■ INSTRUCTIONS FOR THE TASK ■
No pictures belong in the copy. Retype exactly, and only, the stretch of lines below from the one with "2028 Silver-Tone Chain" through the one with "2、拿完第一个宝箱后使用两次".

--- ENTRIES SHOWN ---

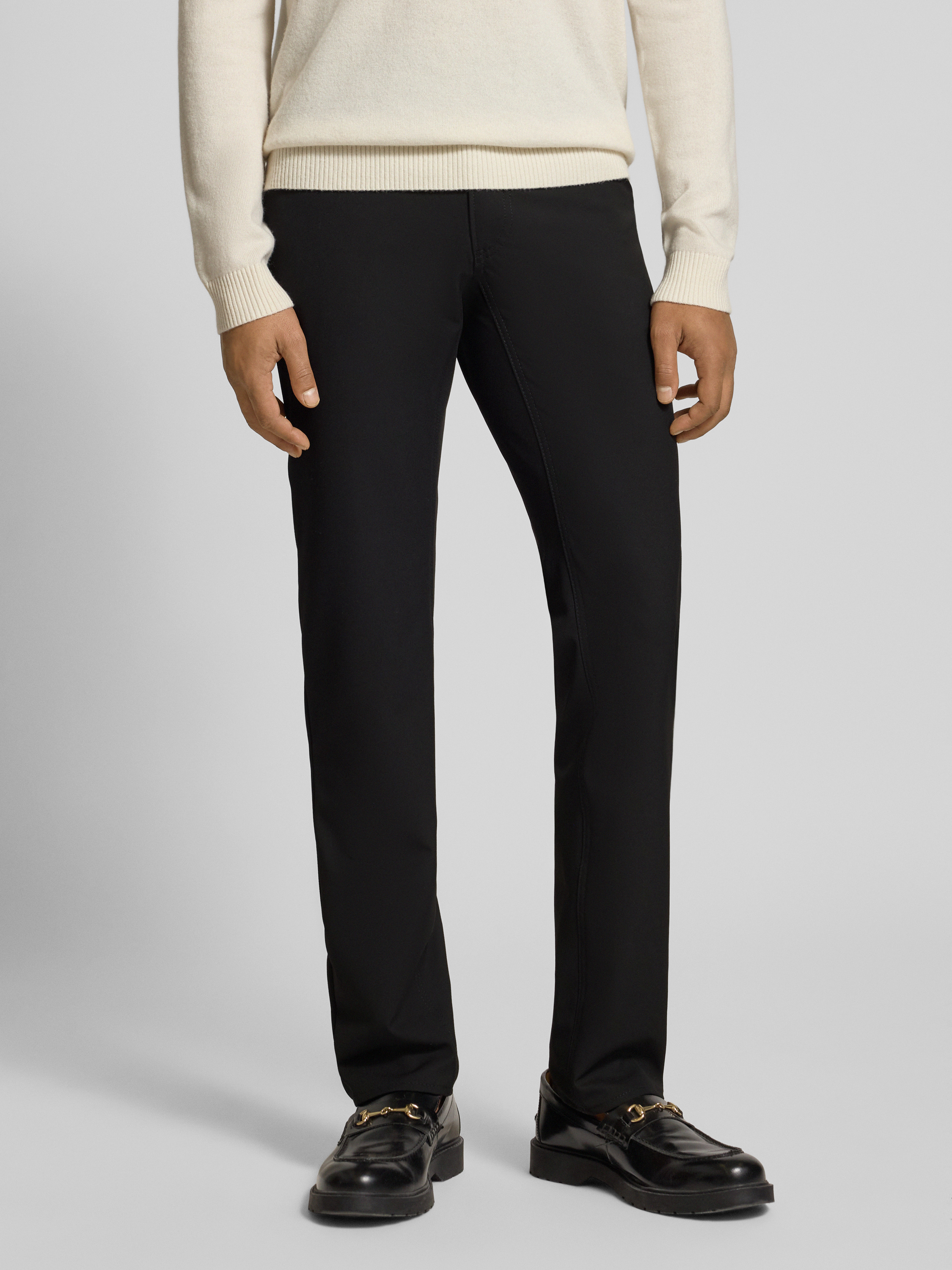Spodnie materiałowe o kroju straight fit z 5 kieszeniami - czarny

---
--- ENTRIES SHOWN ---

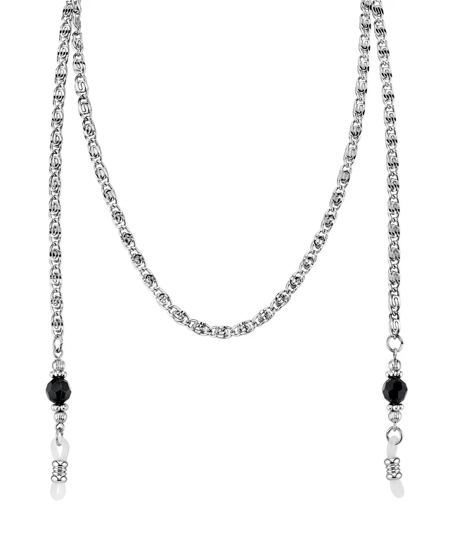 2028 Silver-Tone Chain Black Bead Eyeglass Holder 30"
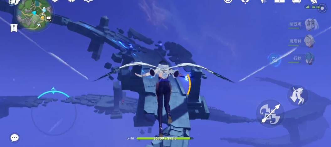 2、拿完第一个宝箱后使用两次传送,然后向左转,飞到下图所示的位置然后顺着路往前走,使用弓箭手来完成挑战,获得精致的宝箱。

---

■ ANSWER TO THE EXERCISE ■
 2028 Silver-Tone Chain Black Bead Eyeglass Holder 30"
 2、拿完第一个宝箱后使用两次传送,然后向左转,飞到下图所示的位置然后顺着路往前走,使用弓箭手来完成挑战,获得精致的宝箱。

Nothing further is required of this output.